Laboratory of Chemoinformatics, UMR 7140 CNRS, University of Strasbourg, 1, rue Blaise Pascal, 67000, Strasbourg, France.
Laboratory of Chemoinformatics and Molecular Modeling, Butlerov Institute of Chemistry, Kazan Federal University, Kremlyovskaya str. 18, 420008, Kazan, Russia.
Sci Rep. 2021 Feb 4;11(1):3178. doi: 10.1038/s41598-021-81889-y.

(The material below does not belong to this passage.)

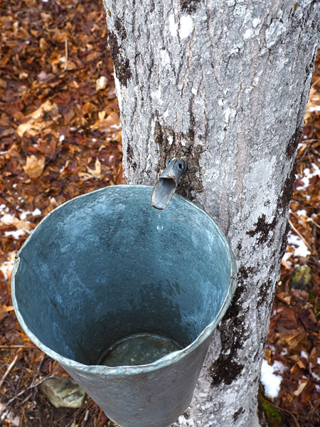 It’s spring and I’ve decided to try my hand at making maple syrup. I borrowed unused buckets and spiles (taps) from my neighbour. After the buckets and spiles were cleaned, I drilled five maples, inserted the spiles and hung the buckets.

The "creativity" of Artificial Intelligence (AI) in terms of generating de novo molecular structures opened a novel paradigm in compound design, weaknesses (stability & feasibility issues of such structures) notwithstanding. Here we show that "creative" AI may be as successfully taught to enumerate novel chemical reactions that are stoichiometrically coherent. Furthermore, when coupled to reaction space cartography, de novo reaction design may be focused on the desired reaction class. A sequence-to-sequence autoencoder with bidirectional Long Short-Term Memory layers was trained on on-purpose developed "SMILES/CGR" strings, encoding reactions of the USPTO database. The autoencoder latent space was visualized on a generative topographic map. Novel latent space points were sampled around a map area populated by Suzuki reactions and decoded to corresponding reactions. These can be critically analyzed by the expert, cleaned of irrelevant functional groups and eventually experimentally attempted, herewith enlarging the synthetic purpose of popular synthetic pathways.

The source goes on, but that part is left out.